Certificate of need is a regulation that is aimed at protecting the bottom lines of public hospitals. Such hospitals say private health businesses want to cherry-pick their profitable services, such as bone surgery or cancer treatment, and leave them with the money losers, including caring for those who can’t pay.
Current state CON regulations say that if someone wants to open a new medical facility, the state must first certify that there’s actually a need for it that isn’t already being served by other hospitals. But some entrepreneurs argue that they’re blocked from innovation by CON and that patients are deprived of choice. Hospitals maintain that CON is vital to keeping them solvent.
“The hospital community strongly opposes the elimination of the certificate of need process,” said Ethan James, the executive vice president for external affairs at the Georgia Hospital Association. “We can support a thoughtful and measured modernization of CON, but we object to repealing the entire state health planning process.”

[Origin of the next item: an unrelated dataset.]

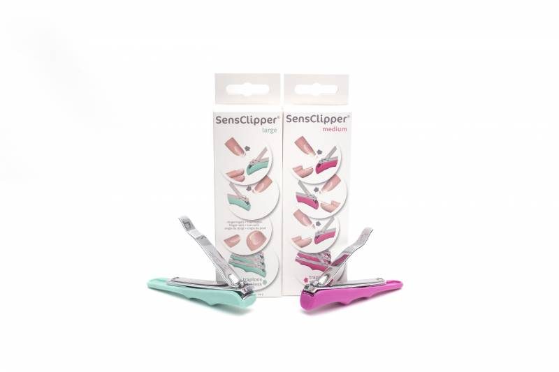 De SensClipper is op dit moment verkrijgbaar in een Medium (roze) en een Large variant (mint). Medium is ontworpen op een vingernagel en heeft een wat rondere beschermkom. Large is geoptimaliseerd om bredere vingernagels en ook teennagels mee te kunnen knippen, en is daarom bij uitstek geschikt voor mannen.
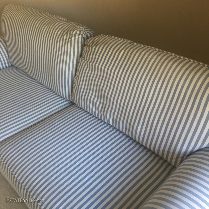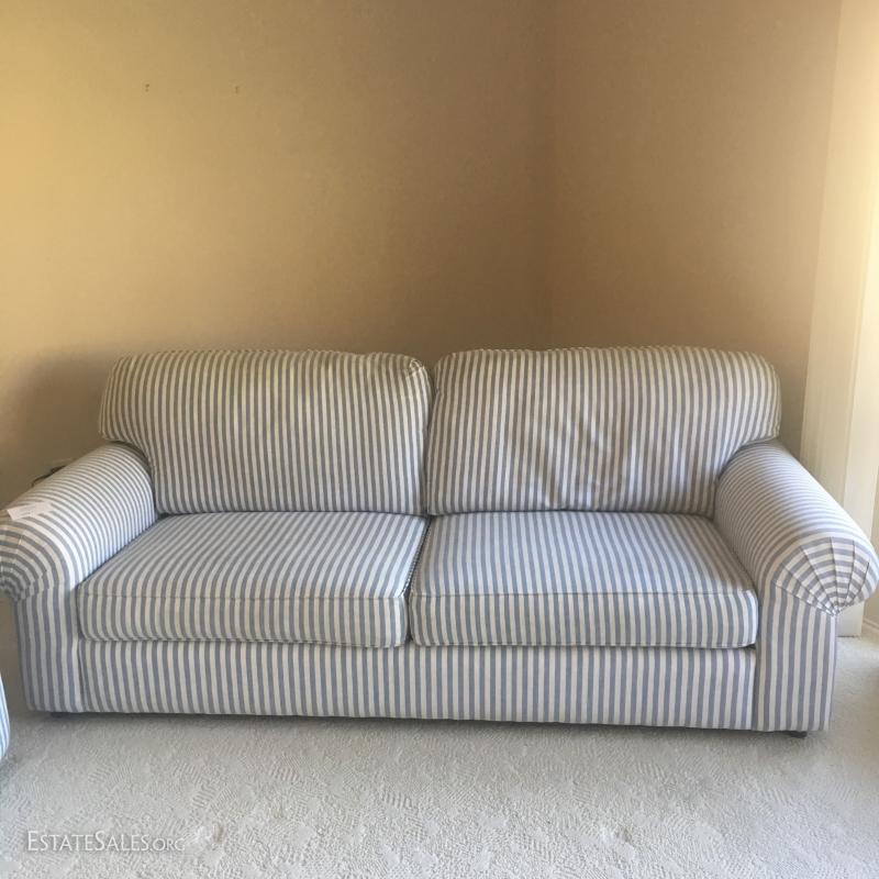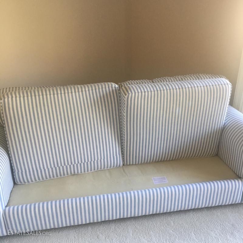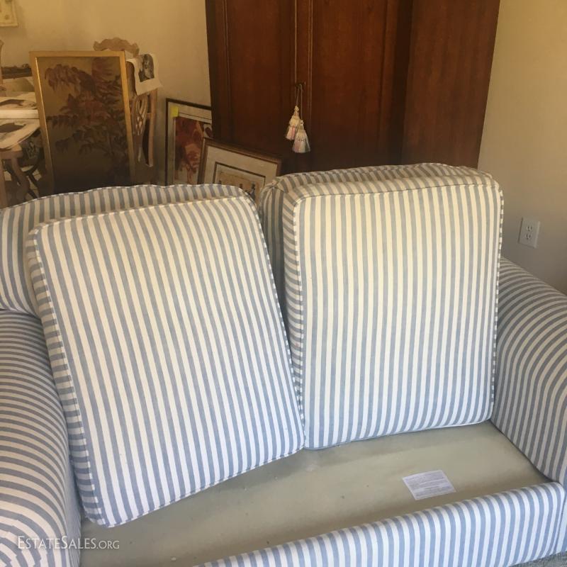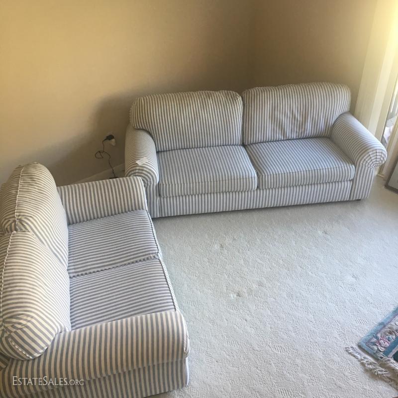 Matching sofa and love seat, fabric blue & white stripped. No visible rips or stains

WellStar Paulding Hospital President John Kueven spoke briefly to Paulding business leaders last week during their March event in Dallas and warned of legislation that would impact Paulding Hospital if it were to pass during the 2019 General Assembly.
Georgia is a CON state, Kueven explained and depends on the CON status to protect not-for-profit hospitals to be able to deliver their services to a range of patients who reside in the community. On the heels of HB198 another bill in the Senate also seeks to modify current restrictions, Kueven said.
According to information obtained from the Georgia Department of Community Health’s website, “...the state began reviewing health care projects in 1975 under Section 1122 of the 1972 Social Security Act Amendments and Georgia's CON program was established by the General Assembly in 1979 (O.C.G.A. Title 31, Chapter 6).”
“CON is the official determination that a new or expanded healthcare service or facility is needed in Georgia. The purpose of the CON program is to ensure the availability of adequate health care services to meet the needs of all Georgians while safeguarding against the unnecessary duplication of services that perpetuate the costs of health care services.”
Kueven, who comes to Paulding from the Houston, warned that he’s seen the impact in that market and also noted that Florida has gone in a similar direction.
Kueven previously headed-up the 208-bed Memorial Herman Katy Hospital near Houston, Texas, before moving to Paulding to take over as senior vice president and president of WellStar Paulding Hospital. Kueven oversees the day-to-day operations of the 112-bed hospital facility in Hiram and 182-bed skilled nursing center in Dallas.
Paulding’s state-of-the-art hospital facility opened in Hiram in April of 2014, with 56 beds and 40 emergency exam rooms and an emergency department, cancer center, women’s imaging, surgical and other healthcare services.